We can compare the effects of independent resistance outcomes with combined resistance outcomes visually. In the following plot, we compare the PfPR2-10 between a baseline without any clinical treatment or antimalarial resistance, a clinical-treatment only run, a clinical treatment with early treatment failure run, a clinical treatment with slow parasite clearance run, and a clinical treatment with both early treatment failure and slow parasite clearance run.


# Open a new plotting window and add a grid:
plot.new(); par(mar = c(4, 4, 1, 1), new = TRUE)

# Plot malaria prevalence in 2-10 years through time:
plot(x = simulation_outputs$base$timestep,
     y = simulation_outputs$base$n_detect_lm_730_3650/simulation_outputs$base$n_age_730_3650,
     xlab = "Time (days)",
     ylab = expression(paste(italic(Pf),"PR"[2-10])), cex = 0.8,
     ylim = c(0, 1), type = "l", lwd = 2, xaxs = "i", yaxs = "i",
     col = cols[3])

# Add the dynamics for no-intervention simulation
lines(x = simulation_outputs$treatment$timestep,
      y = simulation_outputs$treatment$n_detect_lm_730_3650/simulation_outputs$treatment$n_age_730_3650,
      col = cols[4])

lines(x = simulation_outputs$etf$timestep,
      y = simulation_outputs$etf$n_detect_lm_730_3650/simulation_outputs$etf$n_age_730_3650,
      col = cols[5])

lines(x = simulation_outputs$spc$timestep,
      y = simulation_outputs$spc$n_detect_lm_730_3650/simulation_outputs$spc$n_age_730_3650,
      col = cols[6])

lines(x = simulation_outputs$etf_spc$timestep,
      y = simulation_outputs$etf_spc$n_detect_lm_730_3650/simulation_outputs$etf_spc$n_age_730_3650,
      col = cols[7])

# Add vlines to indicate when SP-AQ were administered:
abline(v = 365 + 1, lty = "dashed", lwd = 1)
text(x = (365 * 1) - 40, y = 0.6, labels = "Treatment Introduced", adj = 0, cex = 0.8, srt = 90)

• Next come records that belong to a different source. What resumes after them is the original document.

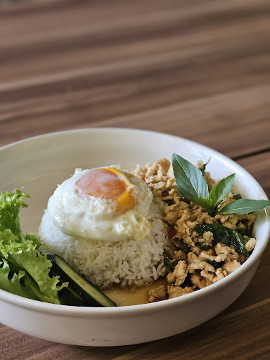 Moving on to food. They have lunch sets every weekday for RM20 and offer thai food during lunch. I got the padkrapow rice. The chicken was nicely seasoned and flavourful, although it looked lighter than the usual padkrapow. Rice was on the drier side; would have loved for it to be fluffier. The ice lemon tea that came with it was surprisingly good. They use actual lemon and actual tea to mix the drink, and not Heaven & Earth. I also ordered a hot cappucino, which was well balanced and strong, as well as a banana walnut cake, which I found a tad sweet for my liking. Service was overall great. They have very well-trained staff.
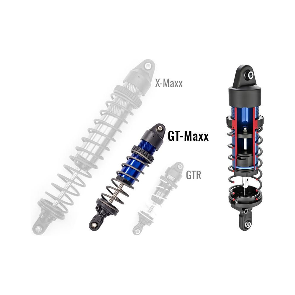 Négy extra nagyméretű GT-Maxx lengéscsillapító hatékonyan nyeli el a legkeményebb ütéseket is. Az olajjal töltött alumínium lengéscsillapító test menetes és anyás a rugó előfeszítésének könnyű beállításához. A dugattyúrúd körüli olajszivárgás megakadályozása érdekében a lengéscsillapító dupla X-gyűrűkkel van ellátva.
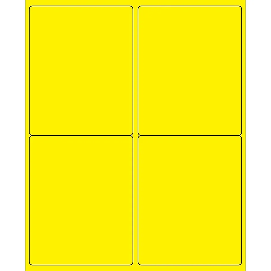 4″ x 5″ Fluorescent Yellow Rectangle Laser Labels. Use to create your own product or mailing labels. Labels work with both Laser and ink jet printers. Permanent adhesive. Labels stick to a variety of smooth surfaces including paper, corrugated, plastic, wood, glass and metal.
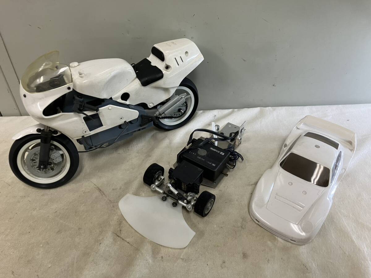 (230)1円〜 詳細不明 ラジコンセット 車 バイク パーツ プロポ など まとめ売り SANWA TAMIYA 他 当時物 未検品 現状品 パーツ取り
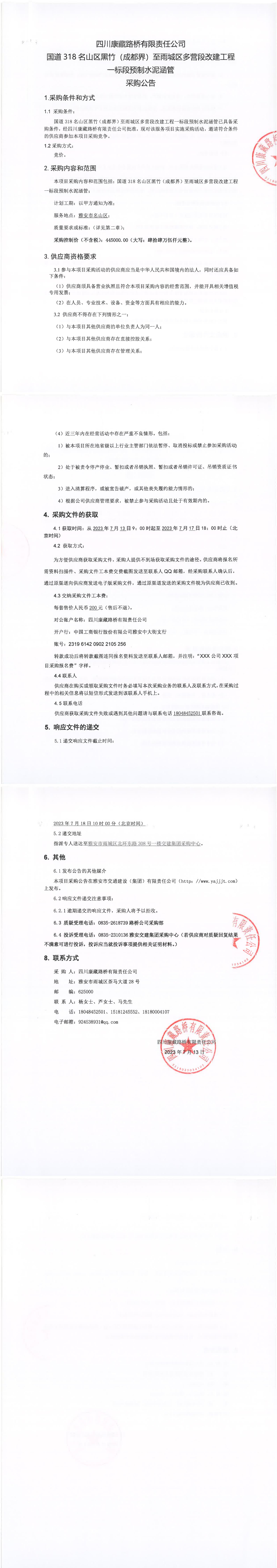 四川康藏路橋有限責(zé)任公司國(guó)道318名山區(qū)黑竹(成都界)至雨城區(qū)多營(yíng)段改建工程一標(biāo)段預(yù)制水泥涵管采購(gòu)公告
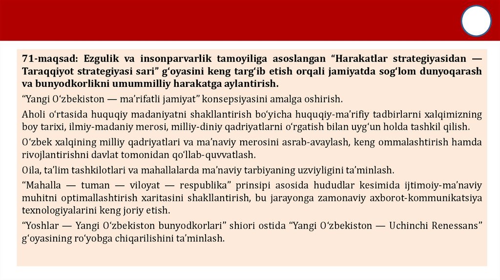 71-maqsad: Ezgulik va insonparvarlik tamoyiliga asoslangan “Harakatlar strategiyasidan —Taraqqiyot strategiyasi sari” g‘oyasini keng targ‘ib etish orqali jamiyatda sog‘lom dunyoqarash
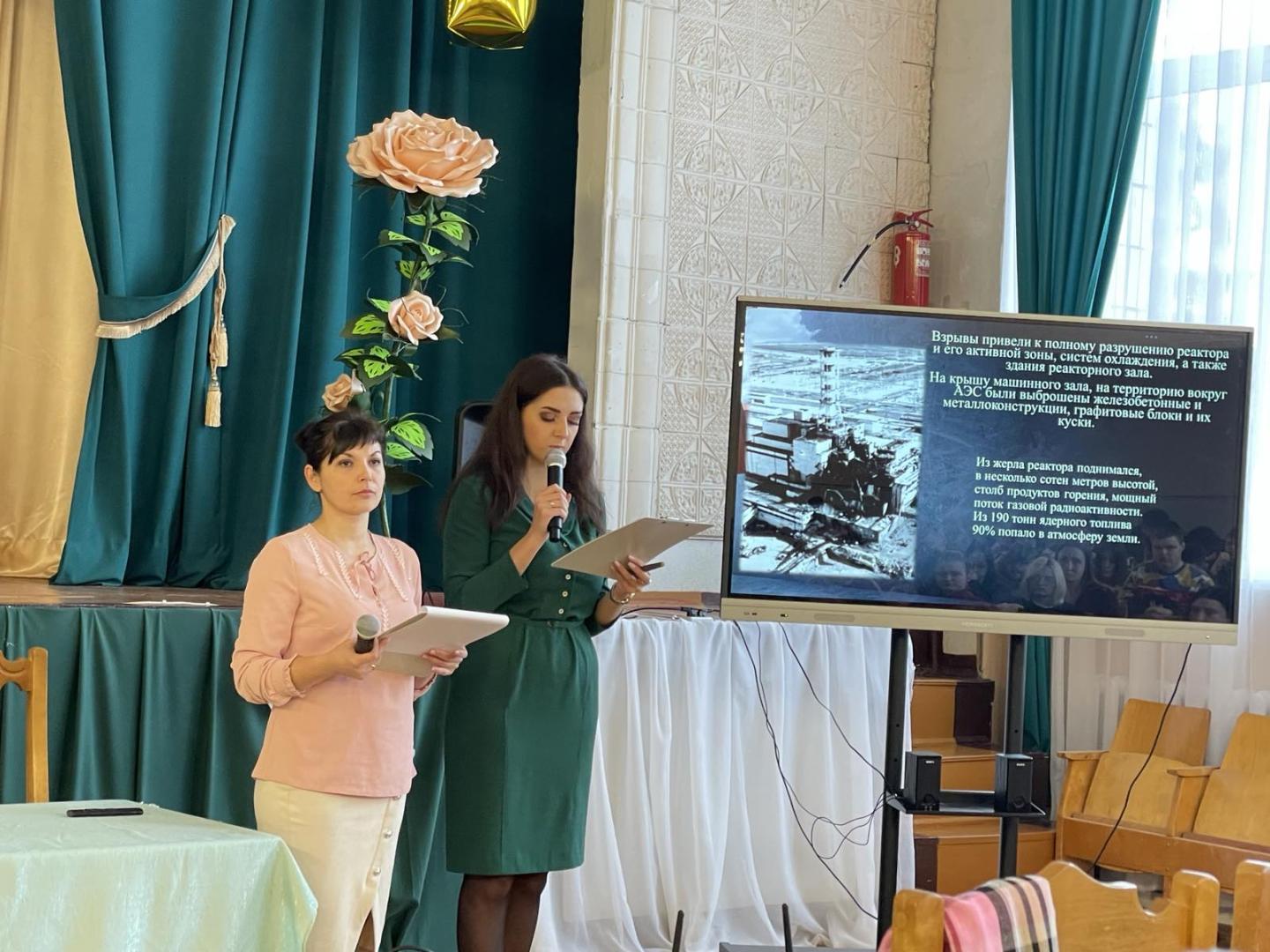 В ходе него ведущие рассказали ребятам о трагедии Чернобыля, о подвиге ликвидаторов аварии, о том, как хрупок окружающий мир, а для более наглядной демонстрации масштабов катастрофы и освещения экологических проблем, которые она повлекла за собой, к просмотру был предоставлен видеоряд «Чернобыль: трагедия, подвиг, предупреждение…».

abline(v = (365 * 3) + 1, lty = "dashed", lwd = 1)
text(x = (365 * 3) - 40, y = 0.6, labels = "Resistance Introduced", adj = 0, cex = 0.8, srt = 90)

# Add gridlines:
grid(lty = 2, col = "grey80", nx = NULL, ny = NULL, lwd = 0.5); box()

# Add a legend:
legend(x = 3000, y = 0.99, legend = c("Baseline", "Treatment", "ETF-only", "SPC-only", "ETF and SPC"),
       col= c(cols[3:7]), box.col = "white",
       lwd = 1, lty = c(1, 1), cex = 0.8)

References

Slater, H.C., Griffin, J.T., Ghani, A.C. and Okell, L.C., 2016. Assessing the potential impact of artemisinin and partner drug resistance in sub-Saharan Africa. Malaria journal, 15(1), pp.1-11.